Picture Bride

Picture Bride is a heartfelt drama that portrays the frustrations and friendships of the young Japanese women who chose arranged marriages via an exchange of photographs. This particular story focuses on one woman, Riyo, who travels to Hawaii in 1918 to meet her prospective matched mate just after her father has died. Upon her arrival, Riyo is disappointed to find that her future husband used an old photograph and is actually decidedly older than she. He turns out to be forty-three years old, just her father's age at his death. However, this is only the first of many disappointments to confront Riyo. She begins to learn how painful it is to be a worker on a plantation, both physically exhausting and emotionally depleting. She is befriended by another picture bride who is a victim of spousal abuse but has a baby that she cherishes. Together with her new found friend, Kana, Riyo learns to do extra work washing clothes for the white plantation managers. She dreams of earning enough money to journey back to Japan. As her story unfolds, we see her husband's frustrations as well as her own. After the untimely death of Kana, Riyo tries to run away but cannot bring herself to desert the other women who have come to rely on her strength. Slowly she and her husband find ties that bind them and also find love for each other as well.

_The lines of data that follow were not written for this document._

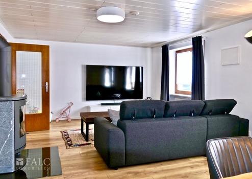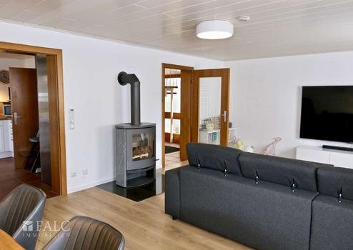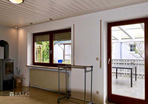 - Wohnzimmer, ca. 18,44 m²; mit Schweden-Speckstein-Holzofen(ca. 5,0 KW/h, mit Zugang überdachter Terrasse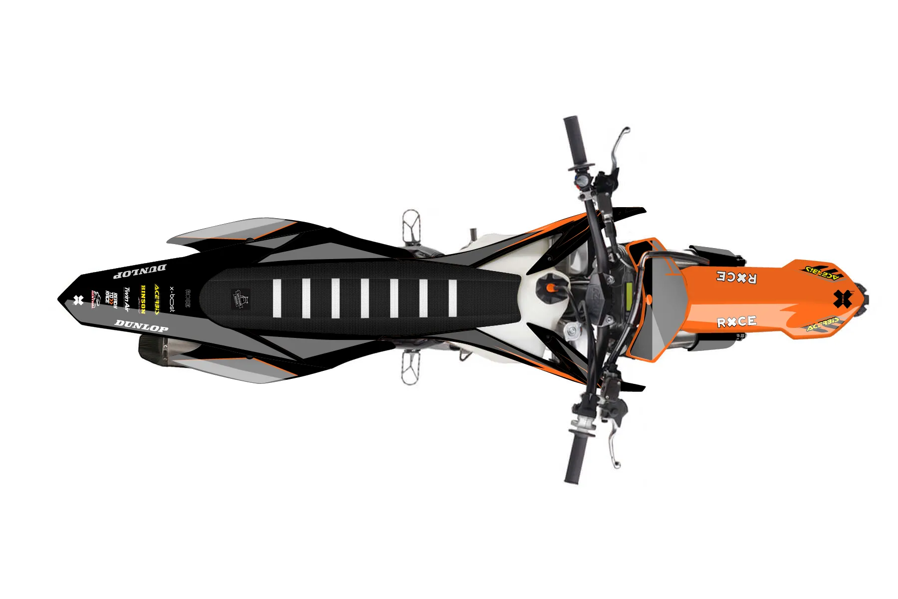 «Loose» — готовый комплект графики серии Maverick для KTM MX Graphic Kit KTM SX-F 350 2015. В комплекте: графика на бак и боковые облицовки, крылья (переднее и заднее), передний щиток, номерные таблички, защита вилки. Материал: ПВХ-винил 80 мкр с холодной ламинацией 300 мкр, общая толщина 380 мкр; покрытие глянцевое или матовое на выбор. Устойчив к UV-излучению, воде, бензину и мойке высокого давления. Клей акриловый на сольвентной основе — постоянный, для гибких пластиков. На простых поверхностях монтируется без нагрева; для сложных изгибов рекомендуем фен. Этот пресет можно заказать как есть или взять за основу в конструкторе: поменять цвета, добавить стартовый номер и свой бренд. Производство — 3–5 рабочих дней, доставка по России СДЭКом или Почтой, по СНГ — курьерскими службами.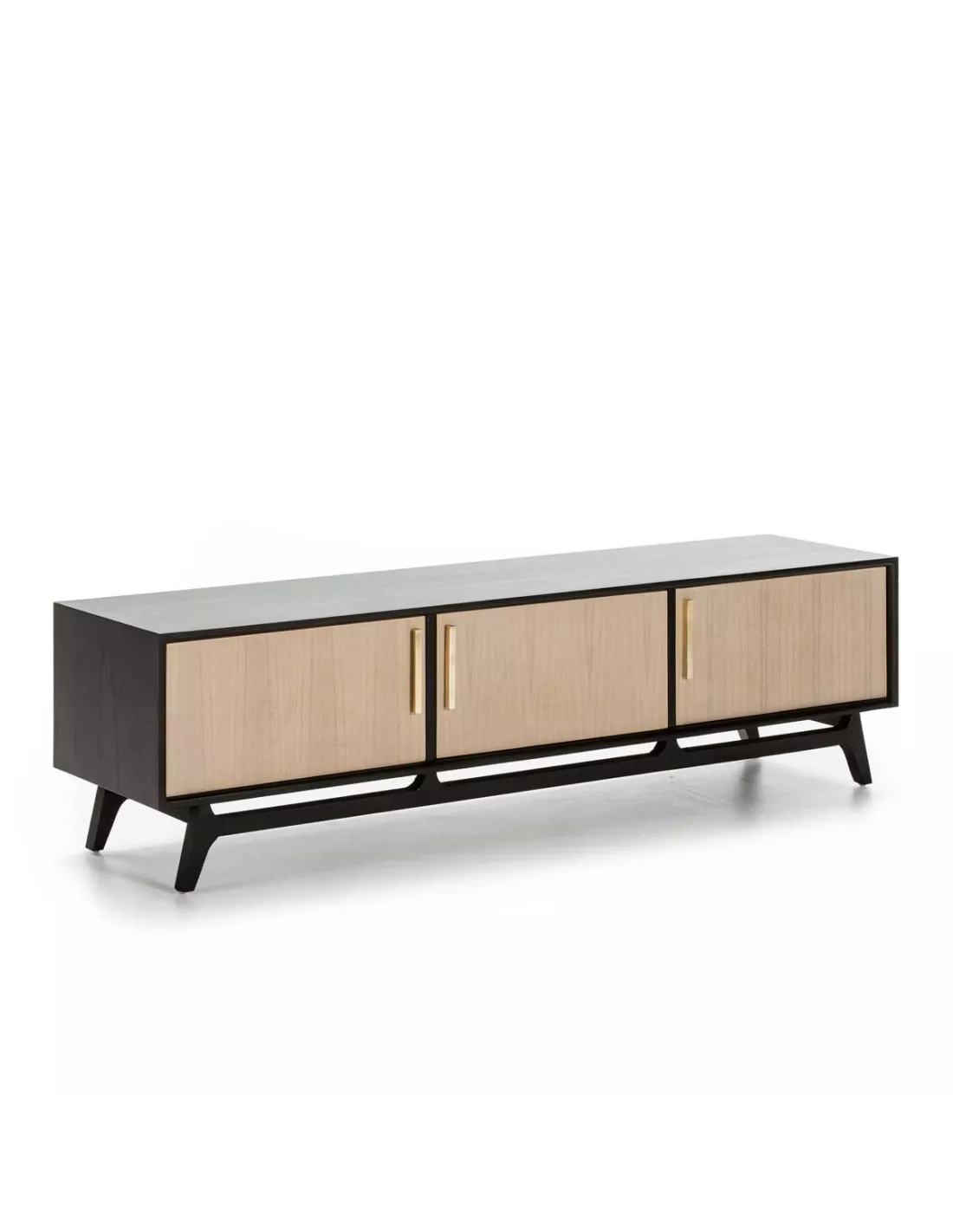 Meuble TV en bois naturel légèrement grisé et noir 3 portes 160cm, Thai Natura

  • Starring: Youki Kudoh, Akira Tomito and Tamlyn Tomita
  • Director(s): Kayo Hatta
  • Producer(s): Thousand Cranes Filmworks
  • Screenwriter(s): Kayo Hatta
  • Distributor: Miramax Films
  • Release Date: Tuesday, February 28, 1995

Featured Animal Action

Animal action in the film is very mild consisting of horses, a centipede, a hawk and donkeys pulling carts. The most dramatic scene is one in which the plantation managers and workers prepare the cane fields for burning. As the fire is sweeping across the fields, Riyo's friend, Kana, realizes that her baby has wandered into the path of the flames. As Kana runs into the encompassing fire, we see a close up of one of the plantation bosses on horseback as he looks on helplessly. The scene was shot in cuts and the horse was over twenty yards from the fire which was controlled by a firecrew and fire bars. The scene was filmed with a long lens which makes the animal and the people appear to be closer to the flames than in actuality. In other scenes where the foremen are seen on horseback, the riding is very mild. In an earlier scene, when the Japanese women break for lunch in the fields, we see them jump at the sight of a centipede and supposedly crush it underfoot. This scene was also shot in cuts. First we see the centipede crawling along the ground, then see a close up of the actor jumping, and finally we see a wider shot of someone stepping on the insect. We never actually see the insect being crushed. Later in the film, there is a scene when the women are walking home from having delivered some laundry and we see a shot of a hawk circling in the sky. This was a pick-up shot, filmed on location in the bird's natural habitat. The American Humane Association was not on the set during filming, but had conferred with the producer before, during and after principle photography.